WHAT THE TASK REQUIRES ->
Apart from the pictures, output all of the records exactly.

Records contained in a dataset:

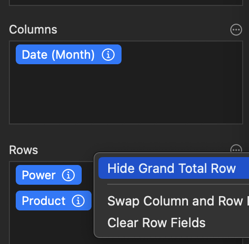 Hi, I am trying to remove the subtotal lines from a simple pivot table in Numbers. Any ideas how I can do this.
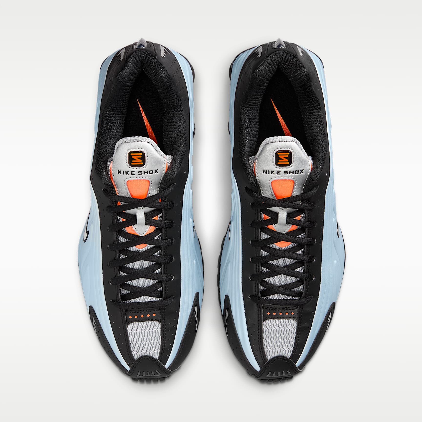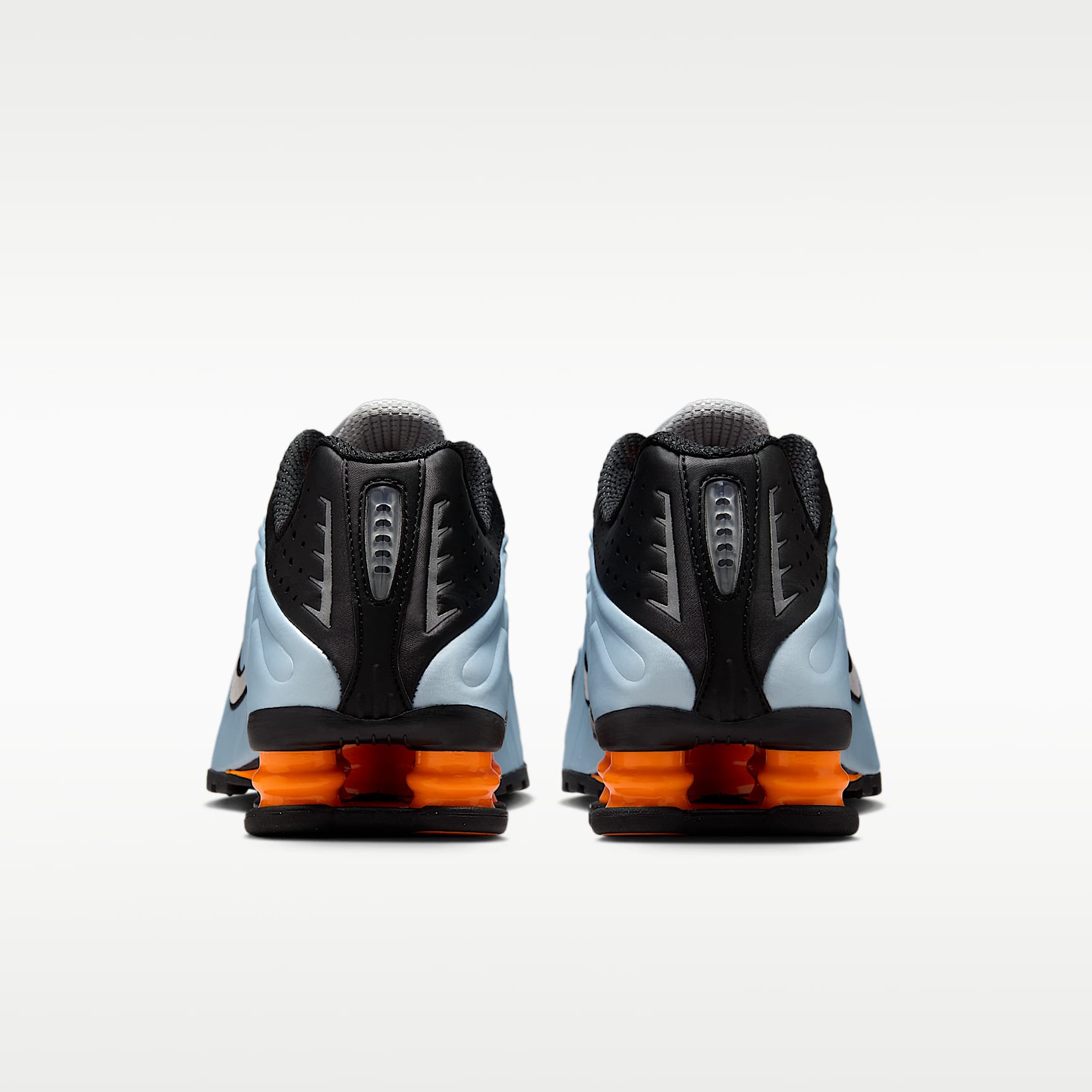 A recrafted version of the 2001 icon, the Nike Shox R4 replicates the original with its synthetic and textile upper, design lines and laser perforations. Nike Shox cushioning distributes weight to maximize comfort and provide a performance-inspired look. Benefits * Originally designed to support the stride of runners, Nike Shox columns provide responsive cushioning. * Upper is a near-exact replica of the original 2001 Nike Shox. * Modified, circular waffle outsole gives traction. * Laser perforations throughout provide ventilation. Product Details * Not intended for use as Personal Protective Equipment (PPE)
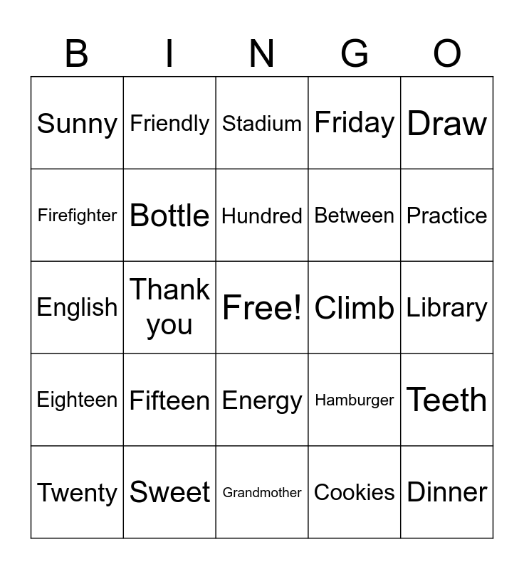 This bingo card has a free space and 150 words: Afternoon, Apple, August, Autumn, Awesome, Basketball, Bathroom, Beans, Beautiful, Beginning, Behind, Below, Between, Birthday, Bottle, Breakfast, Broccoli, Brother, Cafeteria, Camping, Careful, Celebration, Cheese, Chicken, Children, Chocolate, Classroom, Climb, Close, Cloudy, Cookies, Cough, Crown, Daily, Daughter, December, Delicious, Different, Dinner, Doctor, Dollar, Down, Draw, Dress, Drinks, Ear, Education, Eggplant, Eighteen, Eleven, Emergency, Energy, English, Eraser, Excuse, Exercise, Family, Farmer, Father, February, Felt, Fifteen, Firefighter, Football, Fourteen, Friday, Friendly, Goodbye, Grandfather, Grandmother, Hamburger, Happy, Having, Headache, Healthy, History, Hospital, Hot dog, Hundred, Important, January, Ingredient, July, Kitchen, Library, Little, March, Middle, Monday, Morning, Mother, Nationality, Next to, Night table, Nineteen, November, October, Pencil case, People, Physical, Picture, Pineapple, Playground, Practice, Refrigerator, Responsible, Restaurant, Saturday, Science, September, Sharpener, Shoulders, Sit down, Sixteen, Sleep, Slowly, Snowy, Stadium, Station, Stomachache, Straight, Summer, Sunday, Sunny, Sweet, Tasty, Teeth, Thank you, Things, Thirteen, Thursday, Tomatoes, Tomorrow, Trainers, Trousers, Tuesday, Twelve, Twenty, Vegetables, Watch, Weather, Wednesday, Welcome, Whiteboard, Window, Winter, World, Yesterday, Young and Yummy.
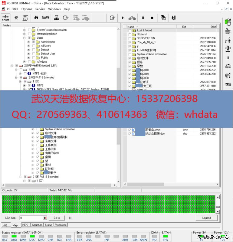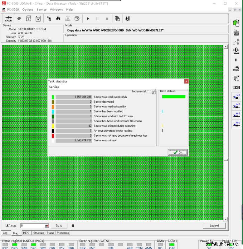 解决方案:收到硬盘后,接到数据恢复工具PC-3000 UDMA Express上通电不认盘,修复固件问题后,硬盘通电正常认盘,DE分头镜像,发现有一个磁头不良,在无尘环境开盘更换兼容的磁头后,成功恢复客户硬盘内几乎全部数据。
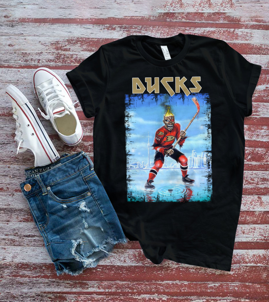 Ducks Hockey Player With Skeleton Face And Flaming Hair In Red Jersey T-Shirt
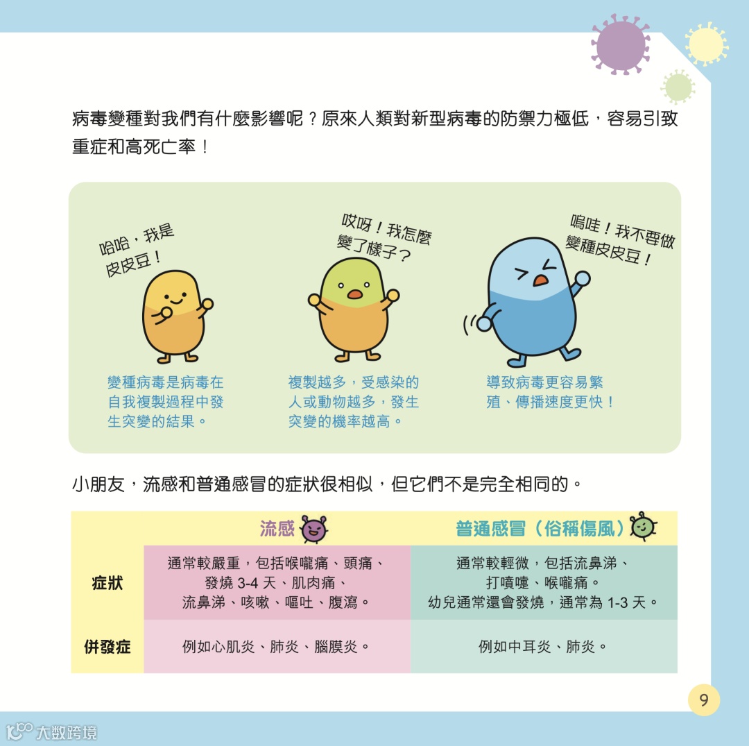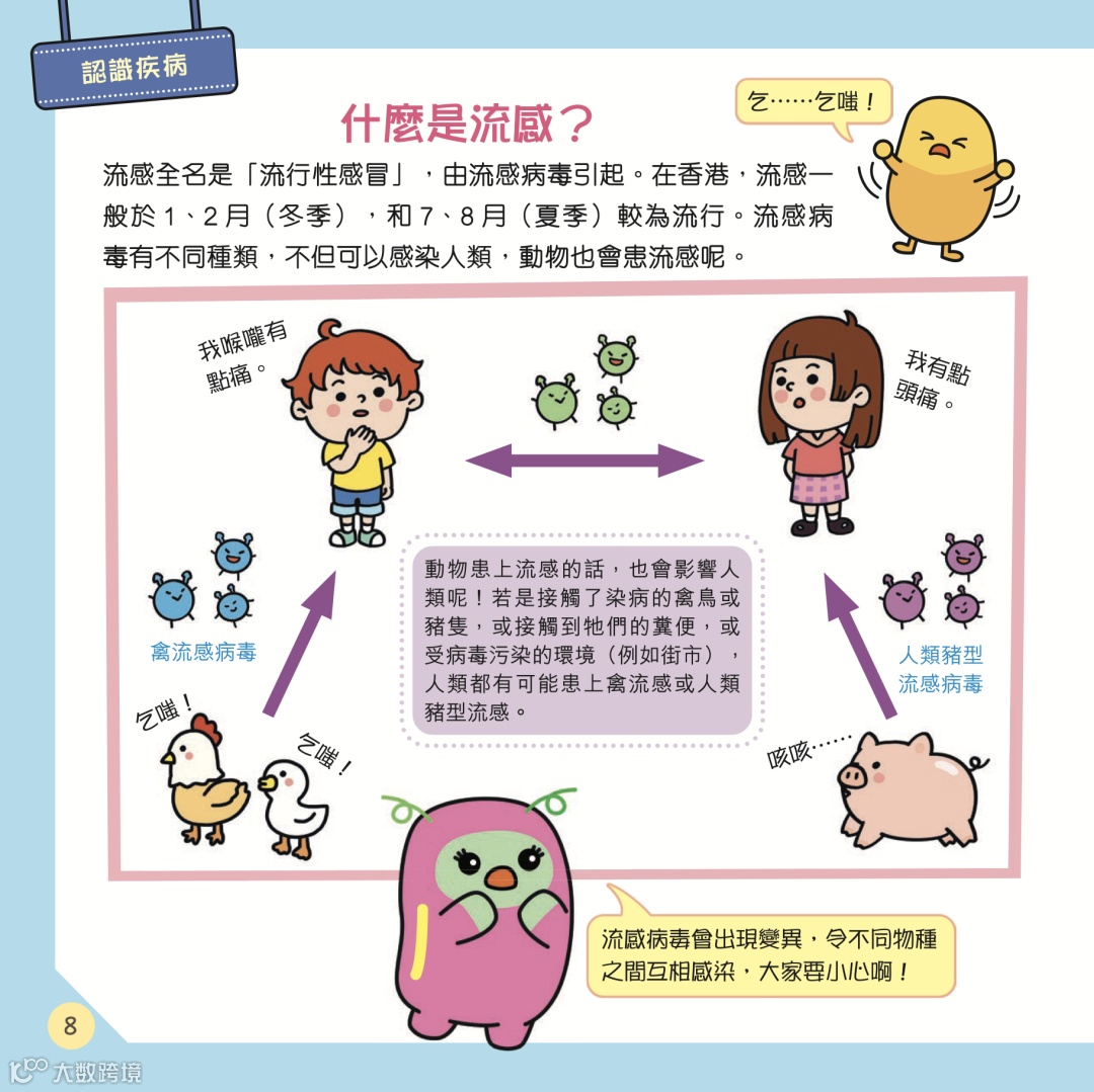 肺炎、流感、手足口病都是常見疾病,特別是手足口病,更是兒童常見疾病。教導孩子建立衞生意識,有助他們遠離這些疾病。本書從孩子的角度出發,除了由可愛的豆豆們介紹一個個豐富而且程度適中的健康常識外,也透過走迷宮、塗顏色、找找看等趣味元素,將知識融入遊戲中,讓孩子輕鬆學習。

RESULT ->
 Hi, I am trying to remove the subtotal lines from a simple pivot table in Numbers. Any ideas how I can do this.
 A recrafted version of the 2001 icon, the Nike Shox R4 replicates the original with its synthetic and textile upper, design lines and laser perforations. Nike Shox cushioning distributes weight to maximize comfort and provide a performance-inspired look. Benefits * Originally designed to support the stride of runners, Nike Shox columns provide responsive cushioning. * Upper is a near-exact replica of the original 2001 Nike Shox. * Modified, circular waffle outsole gives traction. * Laser perforations throughout provide ventilation. Product Details * Not intended for use as Personal Protective Equipment (PPE)
 This bingo card has a free space and 150 words: Afternoon, Apple, August, Autumn, Awesome, Basketball, Bathroom, Beans, Beautiful, Beginning, Behind, Below, Between, Birthday, Bottle, Breakfast, Broccoli, Brother, Cafeteria, Camping, Careful, Celebration, Cheese, Chicken, Children, Chocolate, Classroom, Climb, Close, Cloudy, Cookies, Cough, Crown, Daily, Daughter, December, Delicious, Different, Dinner, Doctor, Dollar, Down, Draw, Dress, Drinks, Ear, Education, Eggplant, Eighteen, Eleven, Emergency, Energy, English, Eraser, Excuse, Exercise, Family, Farmer, Father, February, Felt, Fifteen, Firefighter, Football, Fourteen, Friday, Friendly, Goodbye, Grandfather, Grandmother, Hamburger, Happy, Having, Headache, Healthy, History, Hospital, Hot dog, Hundred, Important, January, Ingredient, July, Kitchen, Library, Little, March, Middle, Monday, Morning, Mother, Nationality, Next to, Night table, Nineteen, November, October, Pencil case, People, Physical, Picture, Pineapple, Playground, Practice, Refrigerator, Responsible, Restaurant, Saturday, Science, September, Sharpener, Shoulders, Sit down, Sixteen, Sleep, Slowly, Snowy, Stadium, Station, Stomachache, Straight, Summer, Sunday, Sunny, Sweet, Tasty, Teeth, Thank you, Things, Thirteen, Thursday, Tomatoes, Tomorrow, Trainers, Trousers, Tuesday, Twelve, Twenty, Vegetables, Watch, Weather, Wednesday, Welcome, Whiteboard, Window, Winter, World, Yesterday, Young and Yummy.
 解决方案:收到硬盘后,接到数据恢复工具PC-3000 UDMA Express上通电不认盘,修复固件问题后,硬盘通电正常认盘,DE分头镜像,发现有一个磁头不良,在无尘环境开盘更换兼容的磁头后,成功恢复客户硬盘内几乎全部数据。
 Ducks Hockey Player With Skeleton Face And Flaming Hair In Red Jersey T-Shirt
 肺炎、流感、手足口病都是常見疾病,特別是手足口病,更是兒童常見疾病。教導孩子建立衞生意識,有助他們遠離這些疾病。本書從孩子的角度出發,除了由可愛的豆豆們介紹一個個豐富而且程度適中的健康常識外,也透過走迷宮、塗顏色、找找看等趣味元素,將知識融入遊戲中,讓孩子輕鬆學習。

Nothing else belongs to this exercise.